Recorded data>
BEGIN
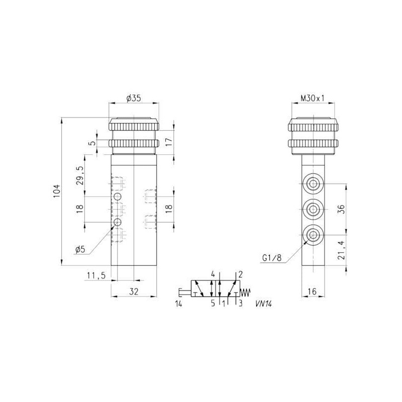 Vožtuvas, 5/2 mygtukas 358896
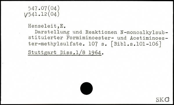 Darstellung- und Reaktionen N-monoalkylsub-stituierter Formiminoester- und Acetiminoes-ter-methylsulfate.
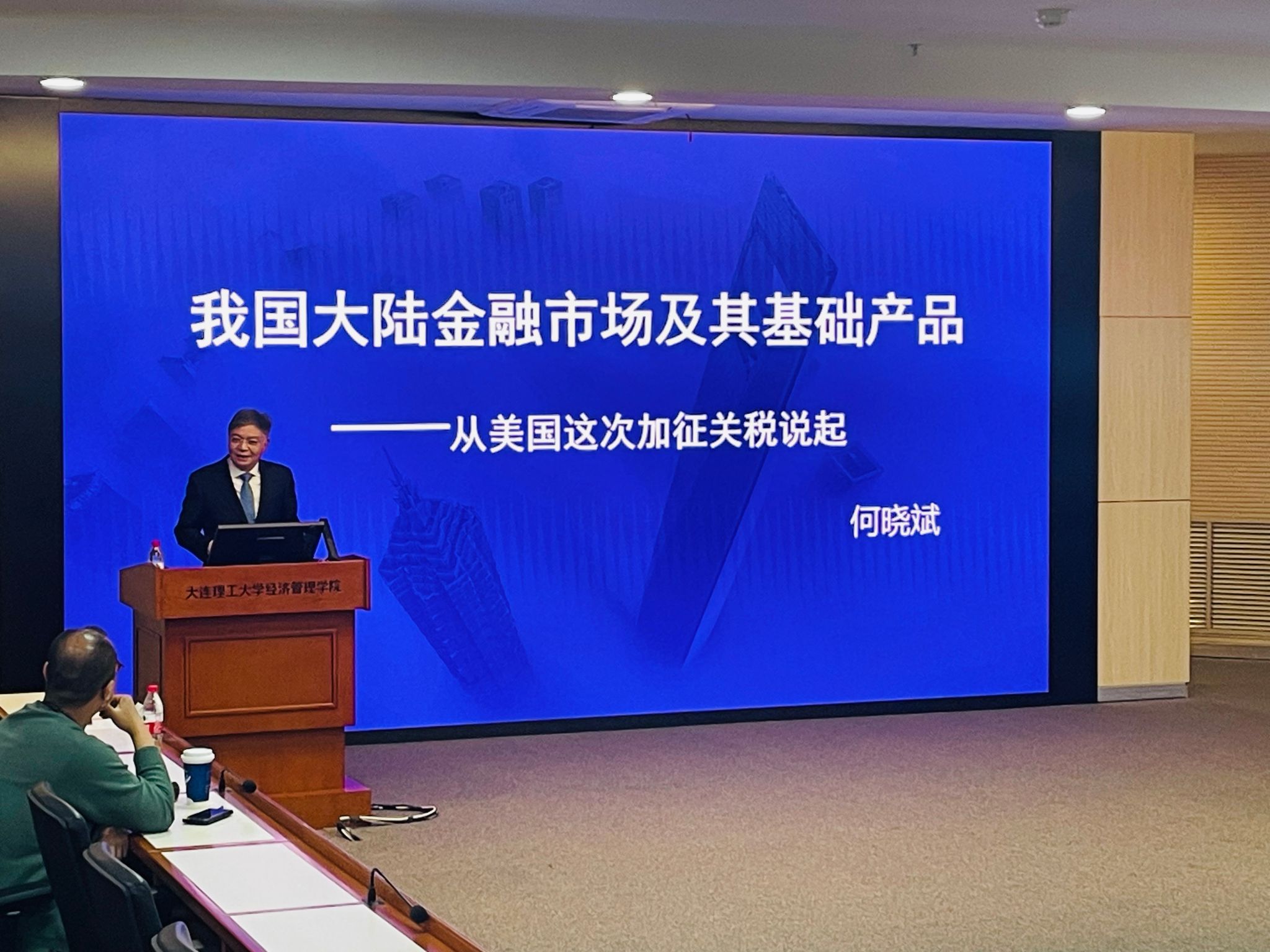 何晓斌从美国加征关税说起,介绍了美国的关税政策对市场的影响以及各国的反应。同时,进一步讲述了我国金融市场及其基础产品,对我国证券期货等金融机构的功能作用进行了全面的讲解。
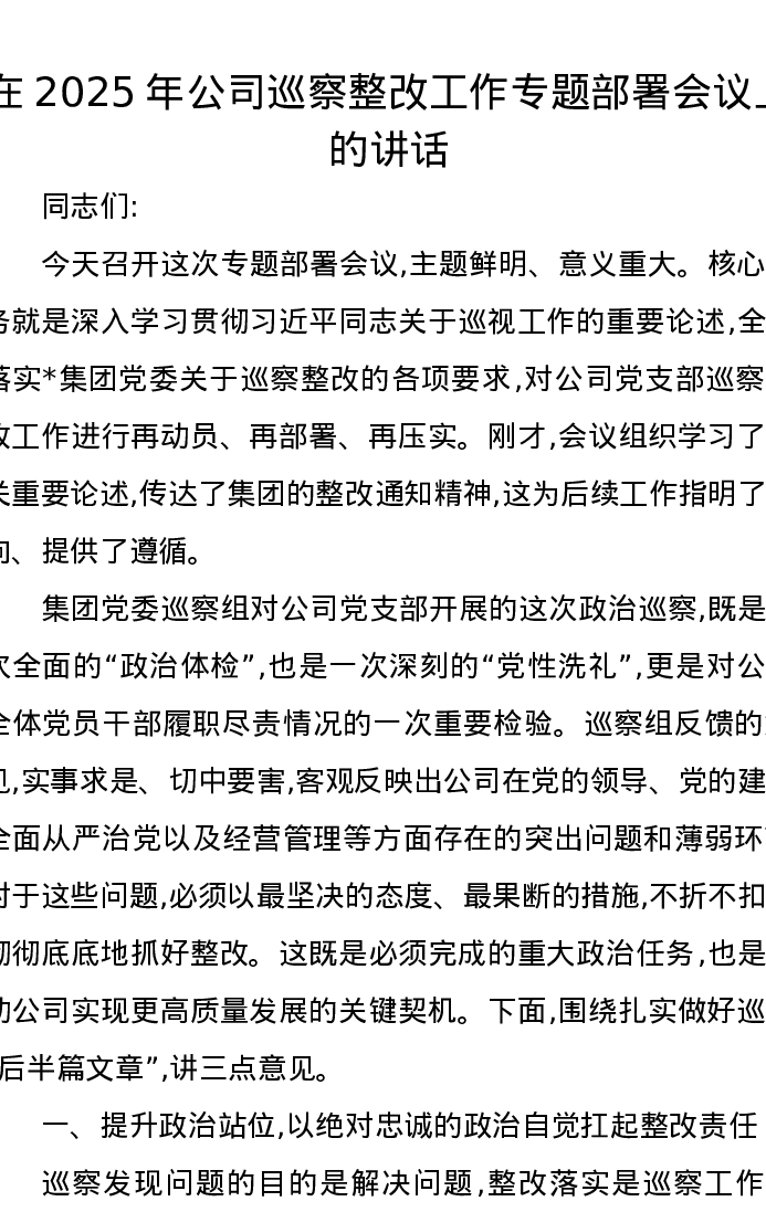 在2025年公司巡察整改工作专题部署会议上的讲话
END
Activity> Print, please, exactly the lines from the one holding "何晓斌从美国加征关税说起,介" through the final line of the data, both included, while leaving out each picture.

Result of the exercise>
 何晓斌从美国加征关税说起,介绍了美国的关税政策对市场的影响以及各国的反应。同时,进一步讲述了我国金融市场及其基础产品,对我国证券期货等金融机构的功能作用进行了全面的讲解。
 在2025年公司巡察整改工作专题部署会议上的讲话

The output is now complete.